## REQUIREMENT
Of all the lines below, output only those starting at the one with "Houghton Belaire HB2800V Inverter" and ending at the one with "FanDuel: McCaffrey-Marks-Nacua", both ends included, exactly as written.

## SOURCE INFORMATION
**********
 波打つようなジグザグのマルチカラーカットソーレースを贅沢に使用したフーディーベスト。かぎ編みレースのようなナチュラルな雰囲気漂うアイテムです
**********
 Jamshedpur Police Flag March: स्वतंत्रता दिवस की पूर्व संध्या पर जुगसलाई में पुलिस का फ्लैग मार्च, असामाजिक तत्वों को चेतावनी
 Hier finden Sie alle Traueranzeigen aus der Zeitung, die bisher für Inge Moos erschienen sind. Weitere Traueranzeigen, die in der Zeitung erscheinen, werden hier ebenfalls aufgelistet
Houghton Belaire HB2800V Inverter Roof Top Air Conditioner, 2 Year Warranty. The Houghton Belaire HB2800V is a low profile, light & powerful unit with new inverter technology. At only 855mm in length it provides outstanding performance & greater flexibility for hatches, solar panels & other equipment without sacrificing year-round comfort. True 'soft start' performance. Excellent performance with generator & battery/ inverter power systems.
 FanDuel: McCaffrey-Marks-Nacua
**********
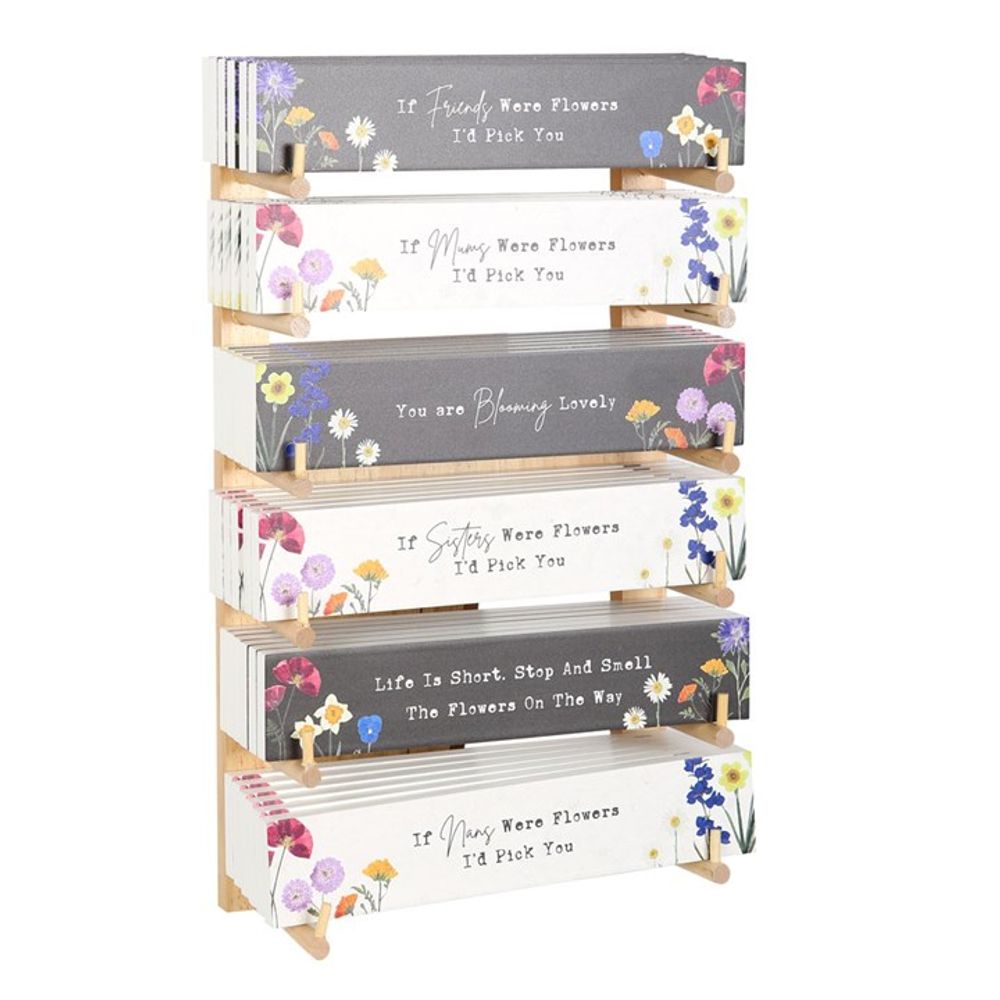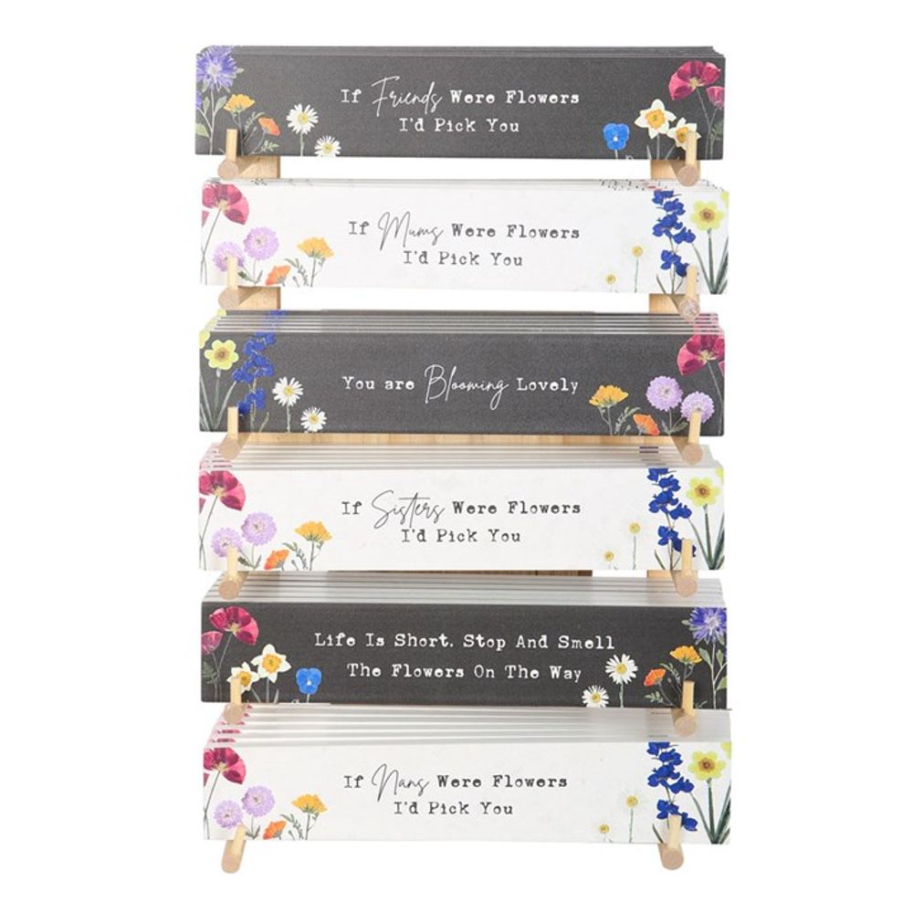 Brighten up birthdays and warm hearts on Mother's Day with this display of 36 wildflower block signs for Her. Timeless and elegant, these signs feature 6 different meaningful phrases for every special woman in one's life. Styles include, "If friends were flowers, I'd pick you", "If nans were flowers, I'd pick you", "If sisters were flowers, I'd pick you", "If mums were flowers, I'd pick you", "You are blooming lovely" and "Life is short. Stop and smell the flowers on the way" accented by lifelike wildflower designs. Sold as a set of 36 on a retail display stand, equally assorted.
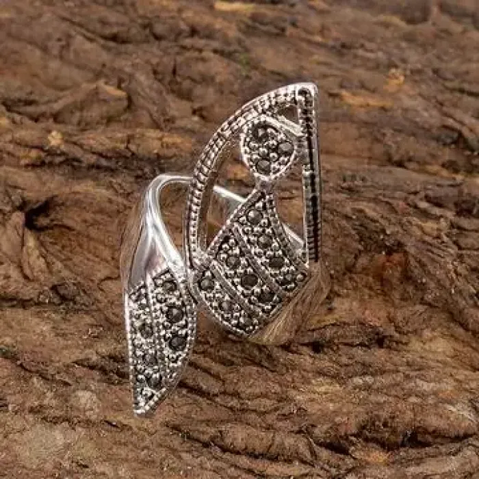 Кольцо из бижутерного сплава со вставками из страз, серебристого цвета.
**********
## THE COMPLETED TASK
Houghton Belaire HB2800V Inverter Roof Top Air Conditioner, 2 Year Warranty. The Houghton Belaire HB2800V is a low profile, light & powerful unit with new inverter technology. At only 855mm in length it provides outstanding performance & greater flexibility for hatches, solar panels & other equipment without sacrificing year-round comfort. True 'soft start' performance. Excellent performance with generator & battery/ inverter power systems.
 FanDuel: McCaffrey-Marks-Nacua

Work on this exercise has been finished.